I needed to use an indoor wheelchair and needed help to get into it to go to the loo, outdoor wheelchair, bed rail, perching stool for kitchen, bathroom over toilet commode with rails, cutlery for gripping, neck brace, wrist braces. I was on 178 drugs each week which include all the ones for the side effects until they didn't work then the only thing left they could offer me was morphine, but I said no. Over time I had doctors shouting at me, doctors being impatient with me, doctors draining in front of me, doctors crying in front of me, doctors disbelieving me, doctors just not caring at all in any way. What a shame I really did feel for them. I mean I often felt like saying is there anything I can do to help? Is there anything at all I can do to make life easier for you? Then I came up with a genius plan...I thought to myself I know why don't I just stay away from you all ~ then that way I won't have to see you suffer so much. See told you it was genius!
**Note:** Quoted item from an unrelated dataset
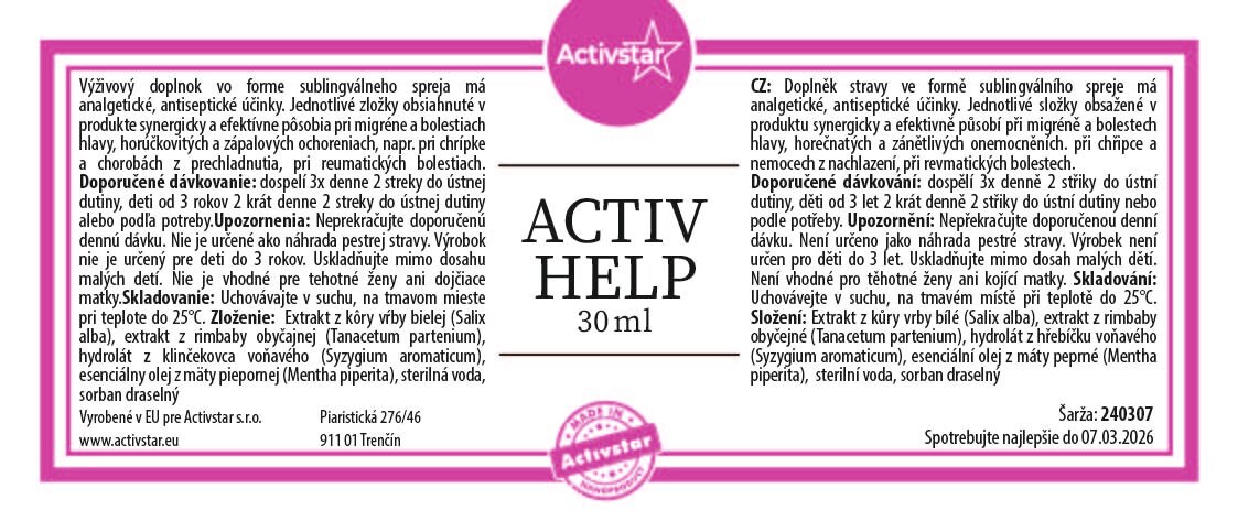 Activ Help spray podjęzykowy 30 ml - suplement diety z ekstraktami roślinnymi, hydrolatami i olejkami eterycznymi. Praktyczna forma sprayu do codziennego stosowania.

So back to the damp cottage after a few months of putting up with all of this and the dampness which affected my health and my sons and much of my furniture, bedding and clothing which got infused with the damp smell which never really went away, and we had to get rid of a lot. Of course we should have taken our landlord to court for compensation but we didn't as I was way to ill to go through yet another court battle...
So we moved literally with me from bed to bed, with tiny bits of walking, shaking and trying to be as normal as I could. By the time we settled I actually could barely move at all in my bed never mind out of it and I needed a bath lift and my husbands help to wash me and my hair and body. This kind of thing went on for another couple of years and more with little improvements here or there, little moments or half hours of other things every now and then, but mostly I was barely conscious. Then as I started to get a whole lot better I had a miscarriage and they were twin girls. I again blamed myself and that's when I started getting my severe anxiety disorder, which brought about a myriad of terrifying symptoms to add to the big list. At first they gave me diazepam which lasted for a day or two but I couldn't take it as it made me extremely hyperactive and I couldn't sleep at all. Then the next year I got shingles which I didn't find very painful at all but it affected my systems and mad my M.E symptoms bad again. And I took a horrible reaction to the anti viral drugs, then they gave me sleeping tablets to counteract the effects of the lack of sleep which had gone on for two whole weeks and was having a terrible effect on my system. I also was getting extreme anxiety taking any drugs at all by this point as I knew they weren't agreeing with me, but I was also unable to think clearly, desperate and very frightened of all those horrible mounting symptoms.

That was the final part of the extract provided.